Implementing KDE with Julia

Why am I writing about KDE’s? At the recommendation of Will Kurt’s probability blog I’ve been reading a great book on data analysis by Philipp K. Janert:

This book has a great intro to KDEs that explain the motivation. My
own abbreviated version are that KDEs provide a useful technique to
visualize a variables distribution. Visualizing your data is an
important step to take early in the data analysis stage. In fact, there
are many metrics that we commonly use to understand a variable that have
an implicit assumption that your data are `unimodal`

(having
a single peak). If your data doesn’t have this structure then you may be
mislead by measures of central tendency (mean/median/mode), outliers, or
other statistical methods (linear regression, t-tests, etc.).

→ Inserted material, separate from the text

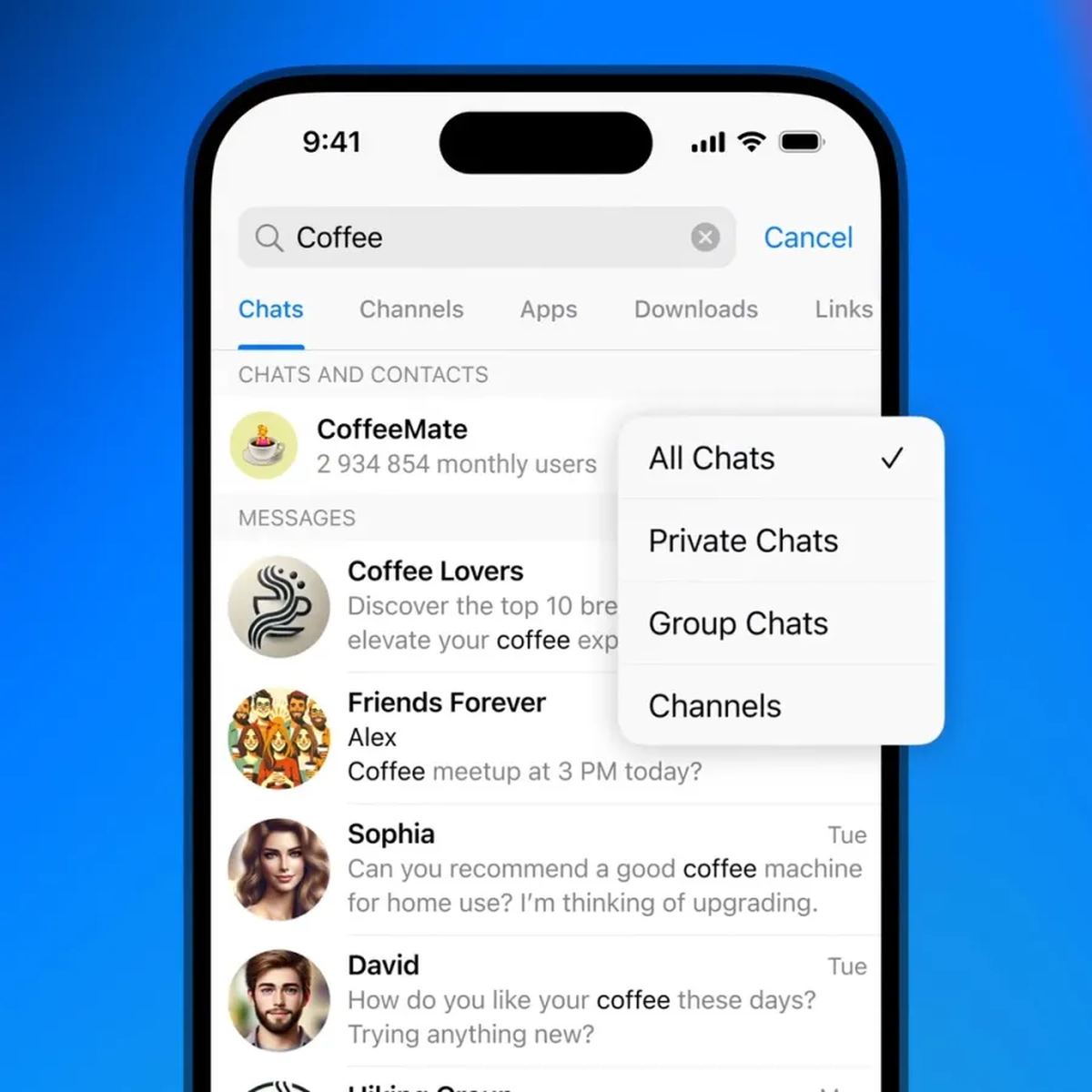 La actualización no se limita a la verificación: Telegram incorporó filtros de búsqueda específicos para chats privados, grupales y canales, mejorando significativamente la experiencia del usuario. Como si fuera poco, la app sorprende con la posibilidad de convertir regalos en NFTs y suma reacciones con emojis para los mensajes de servicio, como cuando alguien se suma a un grupo.
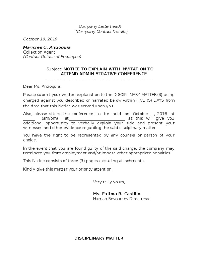 Notice To Explain Template

This post’s structure follows closely with how I commonly learn topics. I start at a high level, using a pre-canned solution for the algorithm, and then work backward to find out what’s going on underneath.

I use a small example I discovered on the Wikipedia page for KDEs. It uses a handful of data points for a single variable:

Sample | Value |
---|---|

1 | -2.1 |

2 | -1.3 |

3 | -0.4 |

4 | 1.9 |

5 | 5.1 |

6 | 6.2 |

Let’s start with a basic `dot`

plot of these points. I’ll
be using the `Julia Programming Language`

for these
examples.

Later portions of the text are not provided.